• I made this! With love, etc. And butter.

When I used to make pie I spent a lot of time rolling out dough and thinking about little jokes that I thought my bosses at Hoosier Mama Pie Company should put on T-shirts: “Crimp my style,” for instance. “How we roll.” Et cetera—there were other, better ones, I swear. For a while my only shift was on Friday night (I worked for a couple other bakers at the time), making pie for the morning farmers’ market and a few cafes that the company sold to. The rolling station, such as it was, was set away from the rest of the kitchen so I usually was there by myself, which was ideal because of WBEZ’s lineup of Friday-night programming: Sound Opinions first, then This American Life. I stood there rolling dough, 40, 50, 60 shells a night, and listened. Eventually I’d drift back to the rest of the kitchen and help put fruit pies together; late at night, toward 1 and 2 AM, we’d package the pies and go home. I’d be covered in flour and something like raspberry or cherry juice, both of which look like blood. HMPC has its own storefront now; this was in Kitchen Chicago, the shared-use kitchen, which has since moved, too. It’s been replaced in its old Ravenswood Manor space by a pie shop: First Slice.

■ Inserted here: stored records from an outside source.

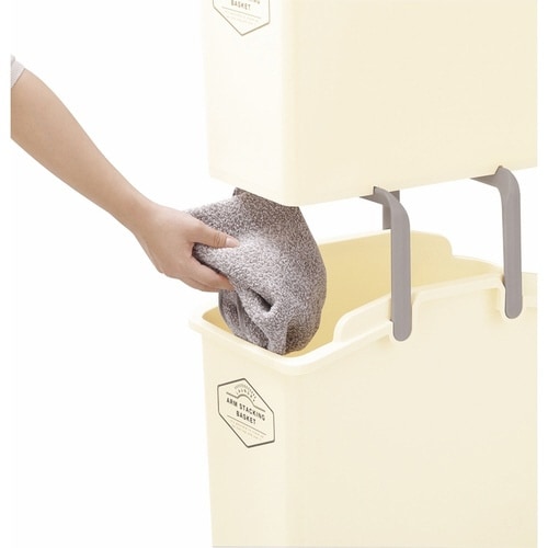 ランドリーバスケット アームスタッキングバスケット スタッキングバスケット 洗濯かご スタッキング アイボリー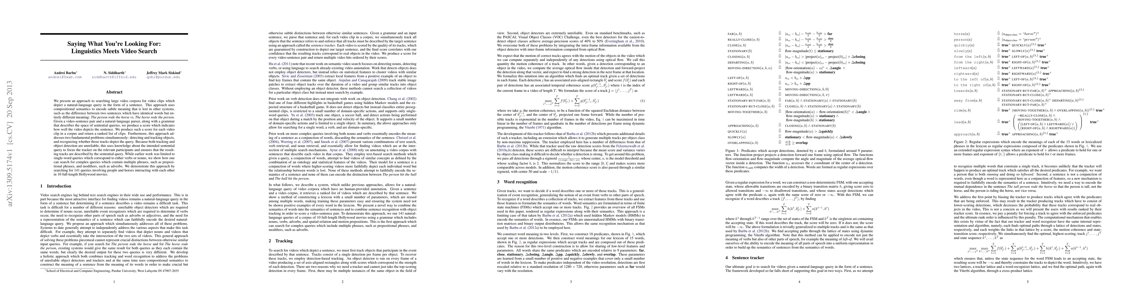 We present an approach to searching large video corpora for video clips which depict a natural-language query in the form of a sentence. This approach uses compositional semantics to encode subtle meaning that is lost in other systems, such as the difference between two sentences which have identical words but entirely different meaning: "The person rode the horse} vs. \emph{The horse rode the person". Given a video-sentence pair and a natural-language parser, along with a grammar that describes the space of sentential queries, we produce a score which indicates how well the video depicts the sentence. We produce such a score for each video clip in a corpus and return a ranked list of clips. Furthermore, this approach addresses two fundamental problems simultaneously: detecting and tracking objects, and recognizing whether those tracks depict the query. Because both tracking and object detection are unreliable, this uses knowledge about the intended sentential query to focus the tracker on the relevant participants and ensures that the resulting tracks are described by the sentential query. While earlier work was limited to single-word queries which correspond to either verbs or nouns, we show how one can search for complex queries which contain multiple phrases, such as prepositional phrases, and modifiers, such as adverbs. We demonstrate this approach by searching for 141 queries involving people and horses interacting with each other in 10 full-length Hollywood movies.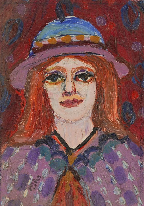 Lady in a blue hat signed 'FRED YATES' (lower left) oil on board 20.5 x 15cm (unframed) Provenance The Estate of the Artist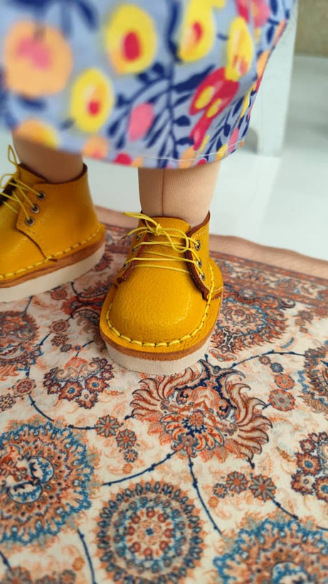 این عروسک بامزه کاملاً دستدوز شده و از بهترین پارچهها و متریالها ساخته شده. ویژگی خاص این عروسک کفشهای چرم طبیعیاشه که بهشکل شیک و منحصر به فرد طراحی شده.
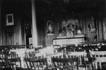 Description :INTERIEUR DE LA CHAPELLE DE STORNOWAY. ON VOIT L'AUTEL ET QUELQUES CHAISES QUI TIENNENT LIEU DE BANC.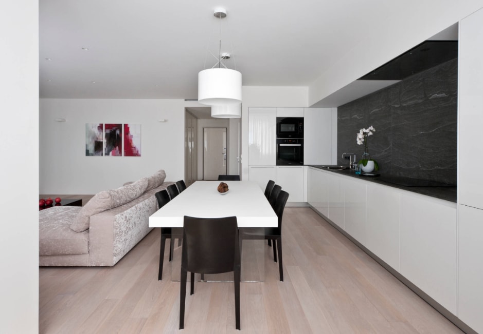 Минус только один – в кухонной зоне белизна быстро потеряет свою свежесть, поэтому будьте готовы к регулярному протиранию.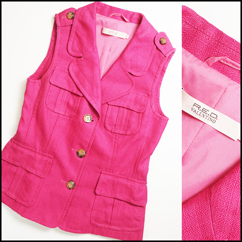 - ■美品【RED VALENTINO】レッドヴァレンティノ/鮮やかな発色がさし色にピッタリ!清潔感溢れるラミー素材サファリベスト42/L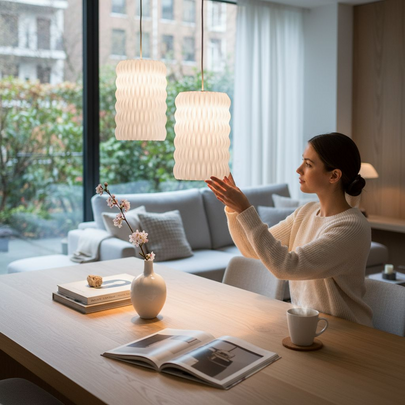 Chaque suspension Fleur de Brume est une pièce unique, façonnée grâce à l'impression 3D en PETG translucide. Sa teinte rose poudré et sa texture délicate créent une atmosphère douce et enveloppante, idéale pour un salon, une chambre ou un coin lecture.

This was a perfectly relaxing routine for a Friday evening, I thought, and I only have one bad memory, which is of the night I used unpasteurized eggs rather than pasteurized eggs when mixing the filling for the peanut butter pie, which had to be made with the special eggs because it wasn’t cooked. Imagine the horror. I had the throw away the entire batch, minus whatever I managed to scoop into my mouth en route to the trash. It was really good peanut butter pie.